On Nov. 2, more than 70 percent of Oklahoma voters approved State Question 755, a constitutional amendment that bars courts from using Sharia law, which is based on the Koran, to rule on cases. There are no known cases here in Oklahoma of courts using Sharia law, and courts are already duty-bound to use federal and state law. The amendment is superfluous and demeaning.
After the election, Muneer Awad, a Muslim who is director of the Council on American-Islamic Relations in Oklahoma, filed suit in federal court against the amendment, arguing his rights had been violated because his religion has been singled out and essentially condemned.
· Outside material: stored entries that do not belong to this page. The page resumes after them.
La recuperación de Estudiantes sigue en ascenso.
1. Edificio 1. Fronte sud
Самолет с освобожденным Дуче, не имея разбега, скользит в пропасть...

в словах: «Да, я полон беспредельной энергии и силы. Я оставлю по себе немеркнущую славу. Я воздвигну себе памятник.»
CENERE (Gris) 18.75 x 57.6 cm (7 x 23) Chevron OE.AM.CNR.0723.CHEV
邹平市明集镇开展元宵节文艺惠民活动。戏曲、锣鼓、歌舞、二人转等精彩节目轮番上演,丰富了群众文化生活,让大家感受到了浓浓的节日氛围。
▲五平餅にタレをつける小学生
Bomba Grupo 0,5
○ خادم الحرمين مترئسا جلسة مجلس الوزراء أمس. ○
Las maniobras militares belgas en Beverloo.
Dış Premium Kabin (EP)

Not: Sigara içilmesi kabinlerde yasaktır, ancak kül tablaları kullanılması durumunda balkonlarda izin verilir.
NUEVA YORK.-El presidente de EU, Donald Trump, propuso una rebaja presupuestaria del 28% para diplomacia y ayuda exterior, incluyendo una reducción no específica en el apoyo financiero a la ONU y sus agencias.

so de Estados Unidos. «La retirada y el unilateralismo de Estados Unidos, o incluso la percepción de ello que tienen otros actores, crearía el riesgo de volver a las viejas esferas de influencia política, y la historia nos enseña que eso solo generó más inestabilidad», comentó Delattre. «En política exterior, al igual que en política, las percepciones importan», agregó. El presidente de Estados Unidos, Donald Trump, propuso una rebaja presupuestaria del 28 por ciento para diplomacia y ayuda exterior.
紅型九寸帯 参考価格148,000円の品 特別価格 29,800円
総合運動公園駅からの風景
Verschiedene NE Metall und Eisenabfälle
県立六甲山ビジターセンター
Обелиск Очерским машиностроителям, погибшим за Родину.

Miles-LaGrange, pictured right, then issued a temporary restraining order barring the Oklahoma State Election Board from certifying the results of SQ 755. In her ruling, which is an injunction that can be appealed, the judge agreed with Awad’s argument.
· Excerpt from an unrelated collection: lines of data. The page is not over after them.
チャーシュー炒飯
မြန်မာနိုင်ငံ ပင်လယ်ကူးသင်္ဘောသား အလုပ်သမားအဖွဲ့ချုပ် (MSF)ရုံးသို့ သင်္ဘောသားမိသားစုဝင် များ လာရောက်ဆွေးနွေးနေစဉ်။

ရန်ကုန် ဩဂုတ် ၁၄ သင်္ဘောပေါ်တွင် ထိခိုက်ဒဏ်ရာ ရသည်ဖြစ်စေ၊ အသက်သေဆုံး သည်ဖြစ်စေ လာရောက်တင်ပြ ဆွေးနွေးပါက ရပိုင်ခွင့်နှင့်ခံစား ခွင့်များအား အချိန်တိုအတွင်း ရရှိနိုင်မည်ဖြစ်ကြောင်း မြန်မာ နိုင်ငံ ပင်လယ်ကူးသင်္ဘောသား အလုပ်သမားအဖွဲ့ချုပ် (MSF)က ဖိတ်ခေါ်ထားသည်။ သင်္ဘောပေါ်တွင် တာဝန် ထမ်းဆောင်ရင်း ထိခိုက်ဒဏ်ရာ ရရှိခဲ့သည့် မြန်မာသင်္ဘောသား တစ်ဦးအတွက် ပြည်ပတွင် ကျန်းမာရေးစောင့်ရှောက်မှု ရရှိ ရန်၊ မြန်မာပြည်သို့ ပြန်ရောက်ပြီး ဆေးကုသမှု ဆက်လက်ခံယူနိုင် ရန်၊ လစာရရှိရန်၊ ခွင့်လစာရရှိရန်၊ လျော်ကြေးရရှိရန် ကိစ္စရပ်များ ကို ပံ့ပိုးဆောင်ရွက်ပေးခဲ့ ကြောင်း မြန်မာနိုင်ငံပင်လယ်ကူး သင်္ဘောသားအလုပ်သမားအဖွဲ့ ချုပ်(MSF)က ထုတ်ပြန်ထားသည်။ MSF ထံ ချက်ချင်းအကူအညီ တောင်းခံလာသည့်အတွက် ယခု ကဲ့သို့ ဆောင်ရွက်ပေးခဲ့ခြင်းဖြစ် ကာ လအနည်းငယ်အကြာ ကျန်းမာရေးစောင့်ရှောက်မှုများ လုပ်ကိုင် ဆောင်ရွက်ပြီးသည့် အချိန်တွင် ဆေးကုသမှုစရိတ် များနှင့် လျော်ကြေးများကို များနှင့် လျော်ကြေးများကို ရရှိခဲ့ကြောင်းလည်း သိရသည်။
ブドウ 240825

. . . the Court finds that [Awad’s] alleged condemnation injury is sufficiently concrete, particularized and imminent. [Awad] has sufficiently set forth a personal stake in this action by alleging that he lives in Oklahoma, is a Muslim, that the amendment conveys an official government message of disapproval and hostility toward his religious beliefs, that sends a clear message he is an outsider, not a full member of the political community, thereby chilling his access to the government and forcing him to curtail his political and religious activities. Further, the Court finds the consequences – the condemnation – that [Awad] believes will result from the amendment are objectively justified.
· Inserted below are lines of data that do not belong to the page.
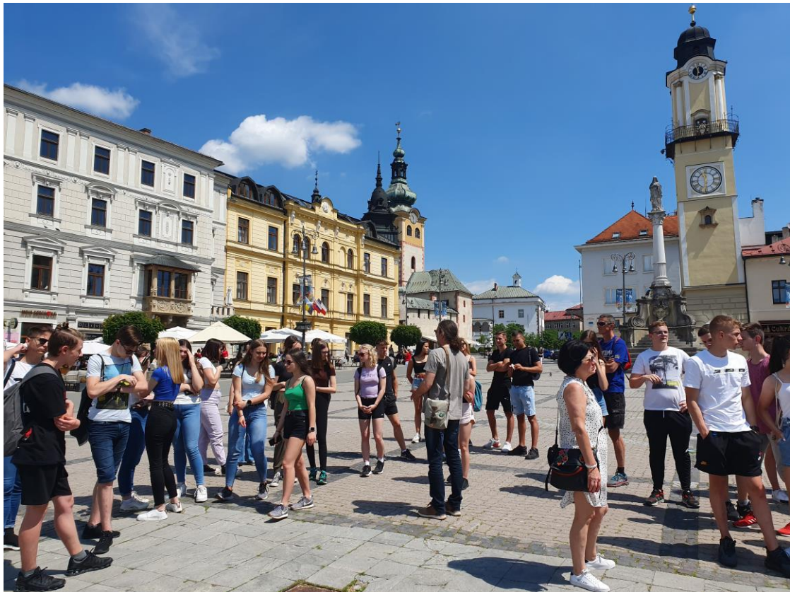
Besztercebánya főterén a szabad program után gyülekezik a csoport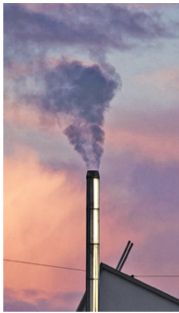
Platforma do pomiaru stanu powietrza została przez gminę wynajęta do końca listopada

Podczas dzisiejszej sesji Rada Miejska ma podjąć uchwałę w sprawie przyjęcia nowego programu dotacyjnego. Zakłada on przyznanie dofinansowania do wymiany pieca w wysokości 75% kosztów nieprzekraczających określonej kwoty. A kwota ta ma się każdego roku zmniejszać, co ma być zachętą dla jak najszybszego podjęcia decyzji o modernizacji sposobu ogrzewania. W 2022 r. mieszkańcy mogliby otrzymać nawet 12 tys. złotych dopłaty, w 2023 r. 10 tys. zł, a od 2024 r. już tylko 5 tys. zł. Dofinansowaniu podlegać będzie koszt zakupu nowego źródła ciepła, materiałów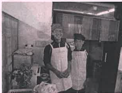
「ええまち比也野里」にて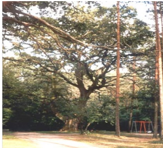
Рис. 2 Дуб – старожил

За народними переказами, Б.Хмельницький разом з козаками зупинялись біля джерела, пили воду і відпочивали під дубом. Кажуть, що багато сільських хлопців приєднались до козацького війська і пішли з ними в похід.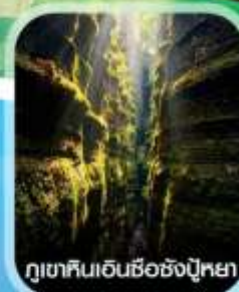
ภูเขาหินเอนชือชิงปู้หยา

คอนเฟิร์มออกเดินทาง ทุกพีเรียด 2 ท่านขึ้นไป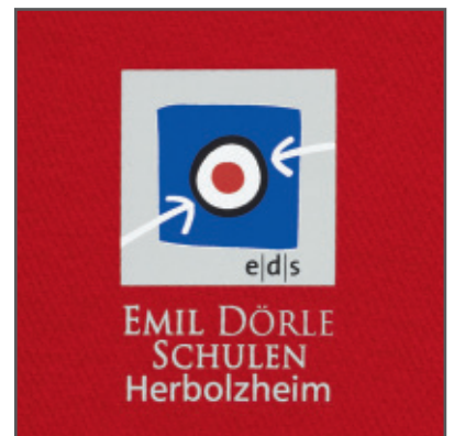
Schulmode mit Druck- oder Sticklogo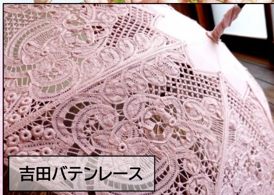
吉田バテンレース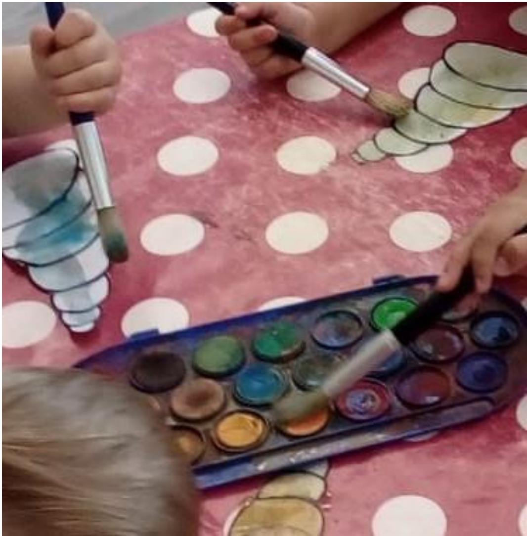
Slika 28. Bojanje predložaka- akvarel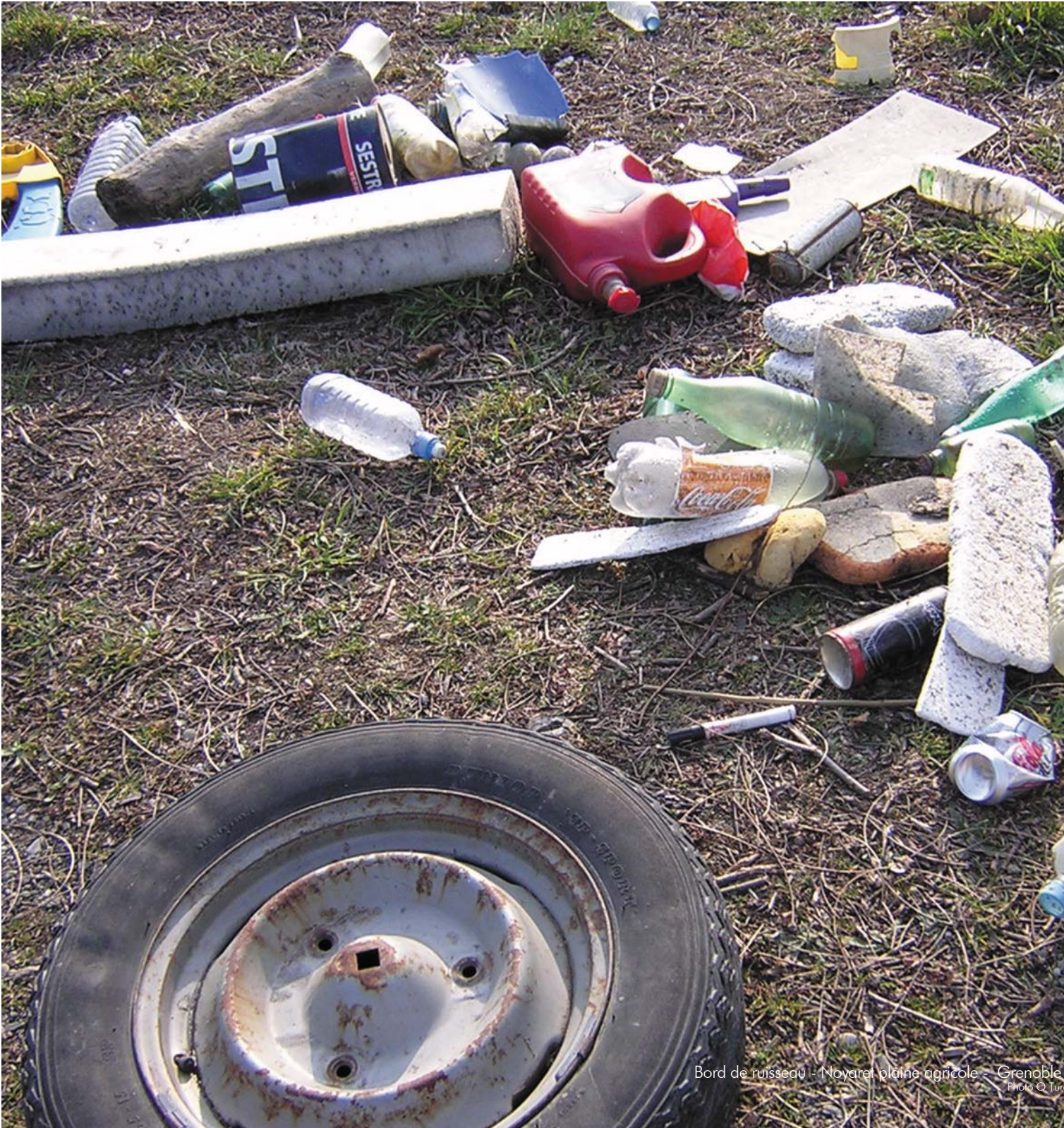
Bord de ruisseau - Noyère plaine agricole - Grenoble

Essentially, basic religious discrimination perpetuated by the government, even when sanctioned by a voter majority, is a violation of the Bill of Rights, which Miles-LaGrange cited in her ruling. She began her ruling with language from the U.S. Supreme Court that argued:
The very purpose of a Bill of Rights was to withdraw certain subjects from the vicissitudes of political controversy, to place them beyond the reach of majorities and officials and to establish them as legal principles to be applied by the courts. One’s right to life, liberty, and property, to free speech, a free press, freedom of worship and assembly, and other fundamental rights may not be submitted to vote; they depend on the outcome of no elections.
The Sharia law controversy has drawn major national media attention, which, at the risk of understatement, has not been flattering to the state. The New York Times, for example, published an editorial Sunday that argued Oklahoma voters had been duped by fear mongers. Here’s the last paragraph of the editorial:
The voters of Oklahoma were badly misled by demagogues into passing a profoundly un-American measure. Now it is up to the federal courts to prevent the hatred from spreading further.
Former state Rep. Rex Duncan (R-Sand Springs), who authored the “Save Our State Amendment,” has argued the amendment is needed here even if there are no current problems, but the Sharia law ban is simply the latest GOP cultural wedge issue used to create fear and drive voters to the poll.
The Oklahoma State Election Board can appeal the Miles-LaGrange ruling, and it will be interesting to see how far the state will go to support a law that’s so obviously discriminatory. Undoubtedly, those who pushed for the amendment will argue this is a case of judicial activism, but it really isn’t. No state should be allowed to legally sanction religious discrimination. The corporate media here should get behind Miles-LaGrange’s ruling and help cleanup the state’s image on this issue.